2026年11月22日,小雪。清晨,河生醒来时,窗外的天灰蒙蒙的。他侧过头,看了一眼床头柜上的日历——小雪了。冬天的第二个节气。他轻轻起身,走到阳台上。小雪的风已经硬了,吹在脸上像冷刀子。梧桐树的叶子落光了,光秃秃的枝丫上挂着一层白霜。墙角那棵石榴树沉默着。花坛里的土冻得硬邦邦的。母亲说过,小雪封地,大雪封河。

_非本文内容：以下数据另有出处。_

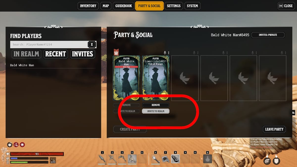- If they’re not nearby after accepting your invite, select ‘Invite to Realm’ under their card in the ‘Party & Social’ menu.
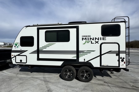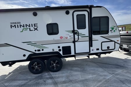 Rare, off the grid travel trailer. The Micro Winnie FLX 2100BH is capable of staying off the grid via its 2 190w solar panels, a 3000 watt inverter that powers all appliances and 110v outlets, tankless water heater, lifted with goodyear duratrac all terrain tires and much more.

小雪过后,土地就冻实了。河生想起小时候,小雪这天,母亲会做一种叫“小雪腌菜”的吃食。把白菜洗干净,撒上盐,放在缸里腌,等到了冬天拿出来吃,酸酸脆脆的。“妈,为什么小雪要腌菜?”“老一辈传下来的,我也不知道为什么。”他吃了,一冬都有菜吃。现在不用腌菜了,冬天也能买到新鲜蔬菜。可他想念母亲腌的酸菜,那种酸,不是醋的酸,是时间的酸。母亲走了,那种酸再也吃不到了。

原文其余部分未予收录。